I- As cortes da Igreja, nessa época, podiam reformar as sentenças definitivas proferidas depois de um procedimento carente de garantias formais. Era como se os próprios Juizes tivessem pouca confiança nas decisões adotadas pelo sistema.
No curso do século XIII se instituiu e consolidou paulatinamente o "Tribunal da Inquisição" ou "Santo Ofício", para reprimir a heresia, o sortilégio, a adivinhação etc. No começo esta repressão foi uma conseqüência da visita canônica dos "Obispos" às Paróquias de suas dioceses, e tinha por objetivo informar-se da religião e da moral. Tinham ordem para escolher em cada lugar sete ou mais pessoas muito íntegras para que depusessem sob juramento sobre as desordens de que tivessem notícia. Posteriormente estabeleceram-se comissões mistas encarregadas desta missão que traçavam ainda o procedimento a seguir. Esta é a origem dos inquisidores, que já existiam em meados do século XIII. Foi um Tribunal temido pela gravidade das penas que impunha, pelo secreto do procedimento isento de garantias para o acusado e pela inapelabilidade das suas sentenças.
II- Ainda que estejamos longe das regras imutáveis, pois mudaram segundo maior ou menor influência do poder Papal, a competência se determinava ratione personae e ratione materiae.
De foro eclesiástico gozavam desde antigamente os clérigos (pertencentes ao Clero), se bem que se limitava a delitos leves; posteriormente se estendeu a todas as infrações, ao mesmo tempo que aos "Depilados", "Cruzados" e outras pessoas que eram incluídas entre aquelas, a fim de que gozassem do privilégio jurisdicional. E sem ter em conta os fatos de significação puramente espiritual, o foro surgia quando se afetavam os interesses de fé, qualquer que fosse o infrator. Delitos exclusivamente eclesiásticos eram a Heresia (doutrina contrária ao que era definido pela Igreja em matéria de fé) e a simonia (tráfico de coisas sagradas ou espirituais), enquanto o sacrilégio (uso profano de pessoa, lugar ou objeto sagrado) a usura (juro de capital exorbitante), o rapto e o adultério constituíam mixti fori, o que explica os inumeráveis conflitos jurisdicionais que se discutiam.

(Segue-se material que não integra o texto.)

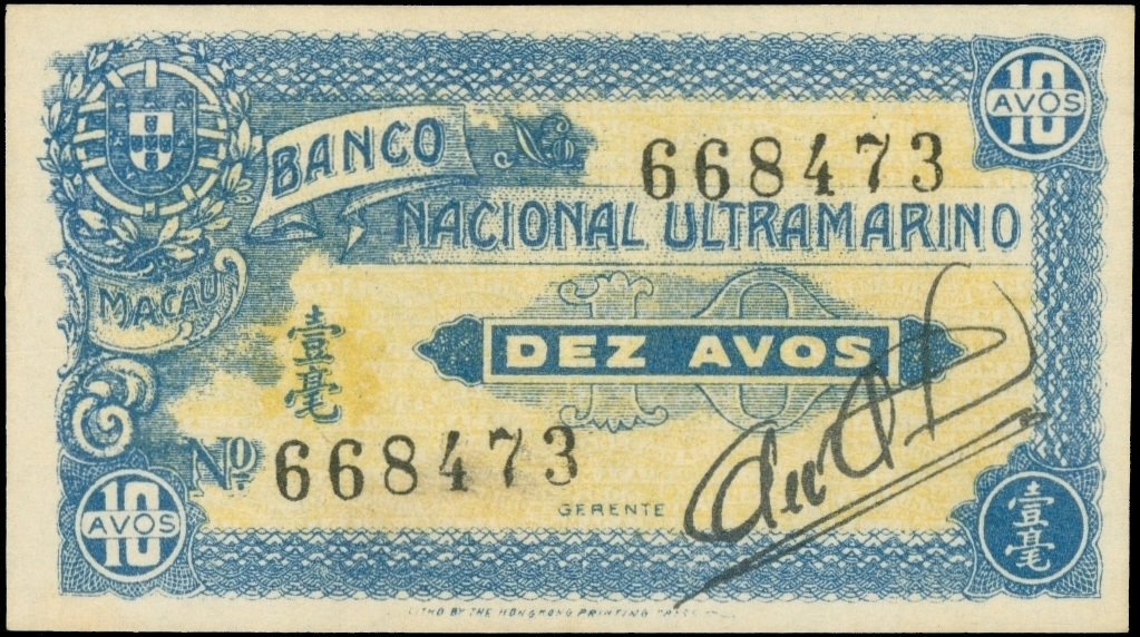 Macau, Banco Nacional Ultramarino, 10 avos, 1944, serial number 668473, blue on yellow underprint, arms at upper left,

Durante a expansão da Justiça Eclesiástica se recorre a diversos subterfúgios, seja para outorgar um título Clérigo a quem não era, seja para reconhecer em muitos delitos, um ataque direto aos interesses da Igreja.
III- Sem se importar com as sanções em que se impunham, o processo penal canônico oferece a evolução mais radical que se possa conceber, só comparável com a do romano. A prisão nasceu no direito canônico (devia resultar realmente apropriada para o logro da penitência e emenda do culpável), que também autorizou a admoestação, a reparação da honra, a proibição de reincidir, a multa e a reparação dos danos. Mas as armas mais poderosas dos juizes eclesiásticos foram espirituais: A ex-comunhão, que implicava a separação da sociedade dos fiéis, suspensão das funções, despojo de privilégios e honras, confisco de bens, privação dos direitos civis e a proteção jurisdicional (o condenado não podia geralmente demandar nem atuar como testemunha) e a interdição que era a suspensão dos ofícios sagrados a uma cidade ou vila.

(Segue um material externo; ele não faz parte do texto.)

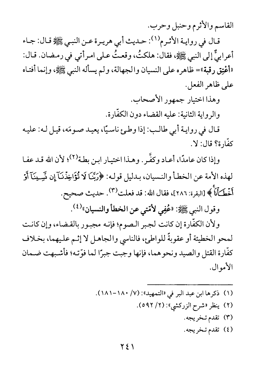 قال في رواية الأثرم (¬١): حديث أبي هريرة عن النبي - صلى الله عليه وسلم - قال: جاء أعرابيٌّ إلى النبي - صلى الله عليه وسلم -، فقال: هلكتُ، وقعتُ على امرأتي في رمضان. قال: «أعْتِق رقبة» = ظاهره على النسيان والجهالة، ولم يسأله النبي - صلى الله عليه وسلم -، وإنما أفتاه على ظاهر الفعل.

a) Nos primeiros tempos, até o século XII, o processo era do tipo acusatório, semalhante ao secular. Salvo casos excepcionais (como se se trata de um delito em flagrante ou se a vítima não deixa herdeiros), não havia processo sem acusador legítimo e idôneo; este devia apresentar a acusação por escrito, e oferecer a prova dos fatos que atribuía; era responsável em caso de calúnia; não podia atuar contra o acusado ausente.

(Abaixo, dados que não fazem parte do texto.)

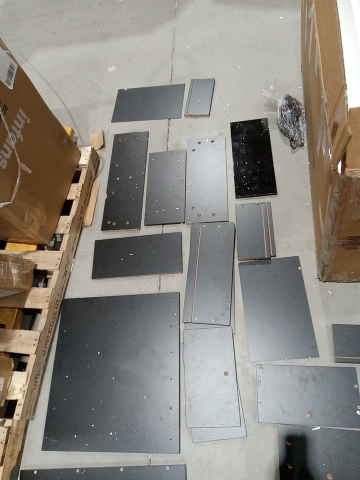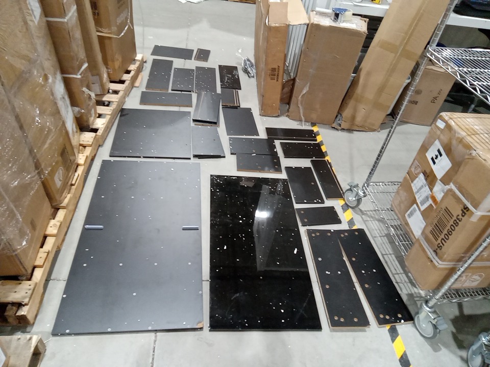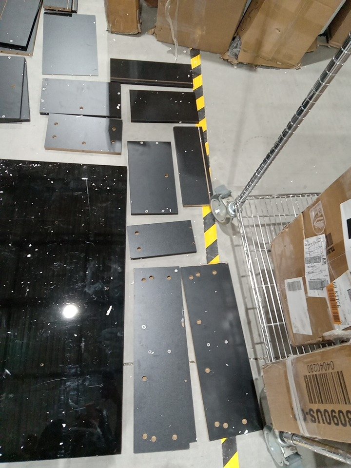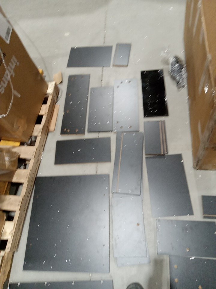 Upon inspection we have found scratches, scuffs, fraying marks, blemishes and some dust on the wood pars of this item, this seems to be due to shipping and handling and not previous assembly as their are no marks. all parts for assembly are present. see photos below

b) As transformações se produzem desde o século XII até o século XIV, abandonando-se paulatinamente o tipo acusatório para estabelecer o inquisitivo
As práticas do processo romano imperial influenciaram os fins da justiça eclesiástica, que quer punir enérgica e eficazmente o pecado sem se importar com a sorte do presumido pecador. Os princípios daquele são colhidos e aperfeiçoados pelo alto escalão da igreja, preocupados por defender a fé e temerosos de que ela se perca na tormenta dos costumes dissolvidos. E assim como o Crimen majestatis deu vida em Roma ao procedimento extraordinário, o Crimen majestatis Divina determinou que a inquisitio se convertesse em instrumento de dominação política.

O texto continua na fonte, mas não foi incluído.